Associate producer Harrison Starr said of Mickey One, “I thought we should have looked hard and found an extraordinarily eccentric guy who had still a sufficient charisma to hold the center of the film. Warren was almost too big for the film.” (Finstad, p.314) Even Peter Biskind, who really, really likes Warren Beatty, writes in his biography of Beatty: “This was one of the worst performances of Beatty’s career.” (Biskind, p.69)

1964 was a difficult year for Warren Beatty. He needed to come up with another hit movie, and he had hired Woody Allen to write the screenplay that would eventually become What’s New, Pussycat? Beatty had high hopes for the screenplay, but was annoyed when his part started getting smaller and Allen’s part kept getting bigger. When Beatty objected to producer Charles Feldman casting his girlfriend Capucine in a large role in the film, he dropped out. Beatty thought that they couldn’t do the movie without him, and that Feldman would woo him back and give Beatty what he wanted. No dice, as Beatty was replaced with Peter O’Toole, who was a much bigger star than Beatty in 1964. Of course, much to Beatty’s chagrin, What’s New, Pussycat? went on to become the huge hit that he so sorely needed. Incidentally, the film’s title comes from Beatty’s preferred way of starting a conversation with members of the opposite sex. The What’s New, Pussycat? debacle had taught Beatty one thing: that in order to get what he wanted, he would have to become a producer.
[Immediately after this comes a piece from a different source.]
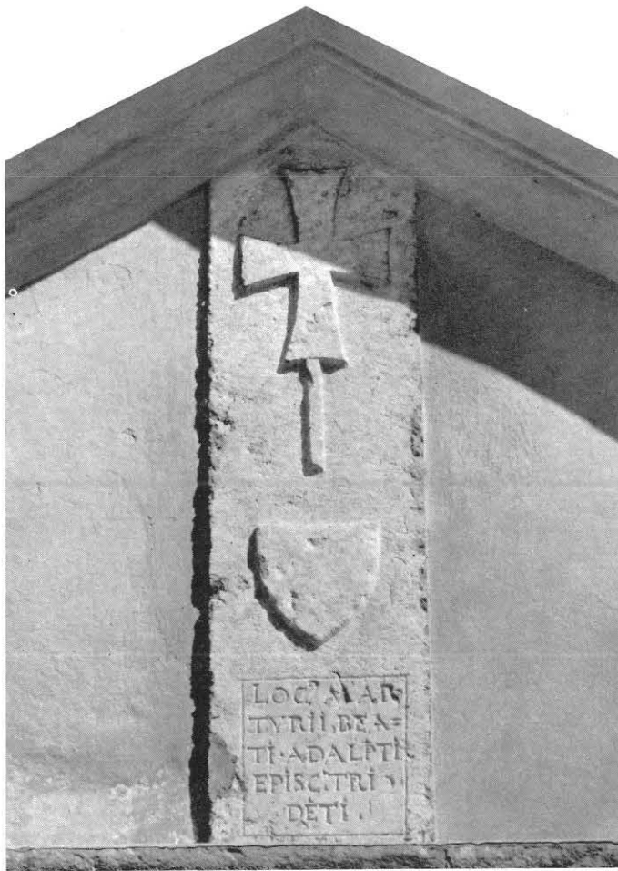
FIG. 2 - L'antica lapide roveretana a ricordo dell'uccisione del vescovo Adalpreto. La lapide è ritenuta della fine del '400. Essa sostituì quindi verosimilmente, altra logorata dal tempo e andata distrutta.

Beatty suffered through lots of bad publicity in 1964, as he was named as a corespondent in the divorce of Leslie Caron and her husband, British theater director Peter Hall. Beatty had met Caron just before rehearsals for Mickey One started. They quickly began a relationship, and she visited him on the Chicago set of Mickey One. (The Chicago studios where Mickey One was filmed eventually became Oprah’s studios.) Caron’s marriage to Peter Hall was pretty much over before Beatty came into the picture, but Beatty took the blame for breaking them up. A nasty custody fight over Hall and Caron’s two children followed, and Beatty temporarily took up residence in England with Caron while the legal battle played out. Caron’s divorce was the reason that Beatty’s next movie, Promise Her Anything, in which he co-starred with Caron, was filmed in England, even though it was set in New York City. 

Even though Mickey One was not a successful film, there was still something good that came out of it. The best thing that Mickey One did was to bring Warren Beatty and Arthur Penn together, as they would collaborate again on a much more brilliant film that would play a significant part in altering 20th century cinema: 1967’s Bonnie and Clyde.